3. Das „Vorgepackte Mittagessen“ (Layout-Aware Runtime)
Das Problem: Der Hochgeschwindigkeits-Schneider funktioniert nur, wenn das Gemüse in einem ganz bestimmten, dichten Gitter angeordnet ist (ein „kompaktes“ Layout). Aber der Rest der Küche lagert Gemüse in losen, Standard-Beuteln.
- Der schlechte Weg: Jedes Mal, wenn Sie den Schneider benutzen wollen, halten Sie inne, nehmen das Gemüse aus dem Beutel, ordnen es perfekt in einem Gitter an, schneiden es und packen es dann wieder in einen Beutel zurück. Dieses „Umordnen“ dauert fast so lange wie das Schneiden selbst, was den Geschwindigkeitsvorteil zunichtemacht.
Die SMEPilot-Lösung: SMEPilot ist klug dabei, wann umgeordnet wird.
- Für statische Zutaten (wie Modellgewichte): Es ordnet sie einmalig, wenn die Küche öffnet, in das perfekte Gitter an, sodass sie für jede Bestellung sofort bereit sind.
- Für frische Zutaten (wie neue Daten): Es ordnet sie unmittelbar in das Gitter ein, wenn sie erstellt werden, sodass sie ohne zusätzliche Schritte später bereit für den Schneider sind. Dies vermeidet den „Umordnungs-Malus“.
Die Ergebnisse: Wie viel schneller?
Die Forscher haben SMEPilot auf Handys, Laptops und Servern mit populären KI-Modellen (wie Llama und Qwen) getestet.
- Die Geschwindigkeit: SMEPilot machte die KI bis zu 3,94-mal schneller als die Standardmethode zum Ausführen dieser Modelle auf CPUs.
- Die Energie: Da es die Arbeit so viel schneller erledigt, verbraucht es auch weniger als die Hälfte der Energie im Vergleich zur Standardmethode.
- Der Vergleich: In einigen Tests war die CPU, die SMEPilot ausführt, fast so schnell wie eine dedizierte Grafikkarte (GPU), die normalerweise der „schwere Arbeiter“ für KI ist.
Das Faz-Wort
Die Arbeit argumentt, dass SME (die neue Maschine) kein Zauberstab ist, der die alten Köfe ersetzt.

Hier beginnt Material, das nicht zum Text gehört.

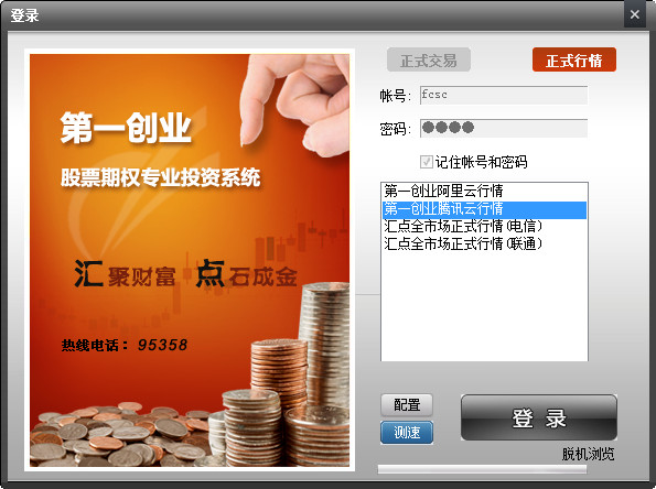 第一创业期权交易系统提供集期权行情、研判分析和期权交易一体化的操作体验。第一创业期权交易系统在期权行情方面,既提供了普通的行情展示功能,还可以通过定制版面实现更加自由和个性化的版面编排,研判分析功能,可以计算期权的理论定价和期权价格对不同影响因素的敏感性,期权交易提供针对低端客户群和高端客户群的双交易模式,并且实现行情版面和快速下单的完美融合,让交易更加快速、高效。【软件特点】

Stattdessen kommt die beste Leistung durch einen klugen Manager (SMEPilot) zustande, der weiß:
- Wann man die Maschine nutzt und wann man die Köfe nutzt.
- Wie man die Arbeit aufteilt, damit alle beschäftigt bleiben.
- Wie man den Arbeitsplatz organisiert, damit keine Zeit mit dem Vorbereiten verschwendet wird.
Durch dies können gewöhnliche Computer leistungsstarke KI viel schneller und effizienter ausführen als zuvor.